REQUIRED WORK: Within the material below, locate the line with "Home  /  Bedroom" and the line with "Weapons are a", then return those two lines and all lines between them, exactly as written.

EXTRACTED ENTRIES:

================

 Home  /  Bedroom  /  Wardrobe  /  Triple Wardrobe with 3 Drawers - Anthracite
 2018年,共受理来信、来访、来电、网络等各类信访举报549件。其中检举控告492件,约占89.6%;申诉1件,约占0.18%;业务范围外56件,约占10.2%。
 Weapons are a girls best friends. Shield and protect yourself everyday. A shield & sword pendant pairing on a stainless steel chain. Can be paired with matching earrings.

================

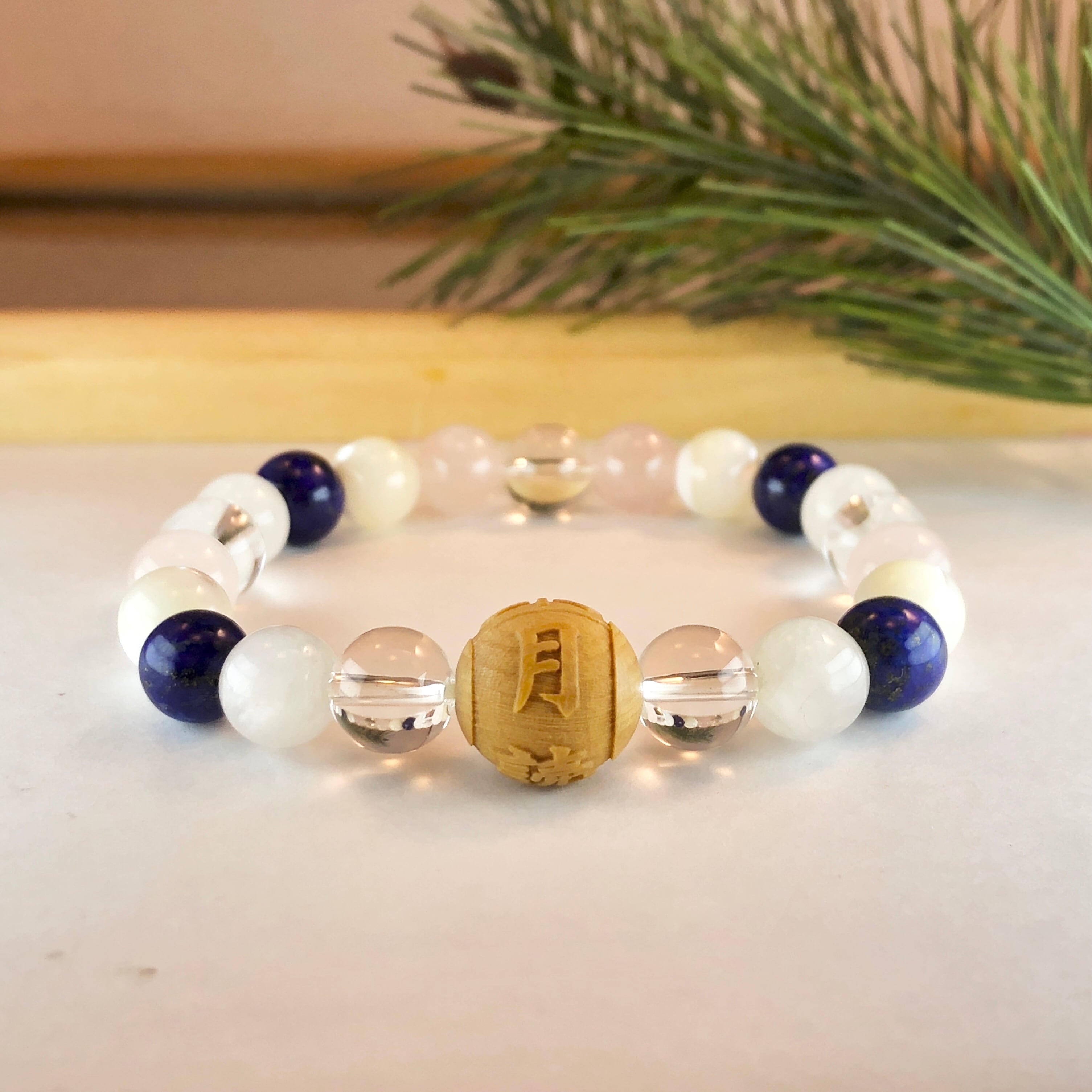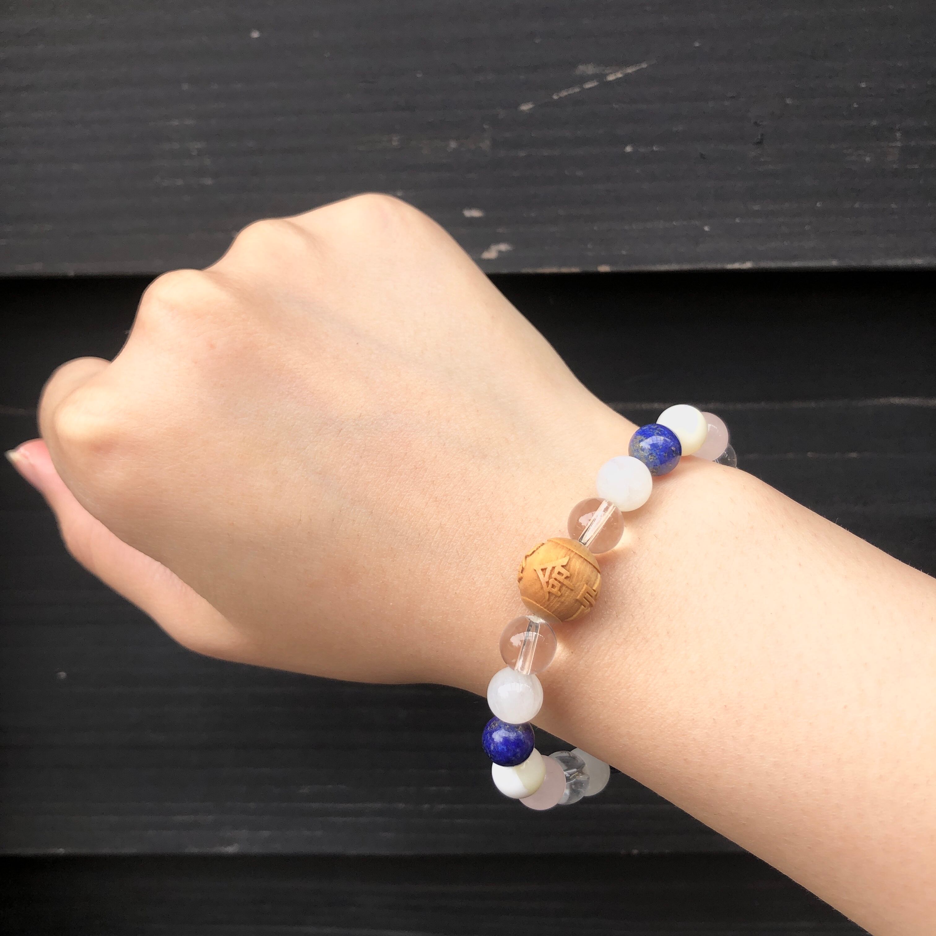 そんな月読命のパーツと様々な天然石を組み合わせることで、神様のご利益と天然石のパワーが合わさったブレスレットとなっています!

================

EXERCISE SOLUTION:
 Home  /  Bedroom  /  Wardrobe  /  Triple Wardrobe with 3 Drawers - Anthracite
 2018年,共受理来信、来访、来电、网络等各类信访举报549件。其中检举控告492件,约占89.6%;申诉1件,约占0.18%;业务范围外56件,约占10.2%。
 Weapons are a girls best friends. Shield and protect yourself everyday. A shield & sword pendant pairing on a stainless steel chain. Can be paired with matching earrings.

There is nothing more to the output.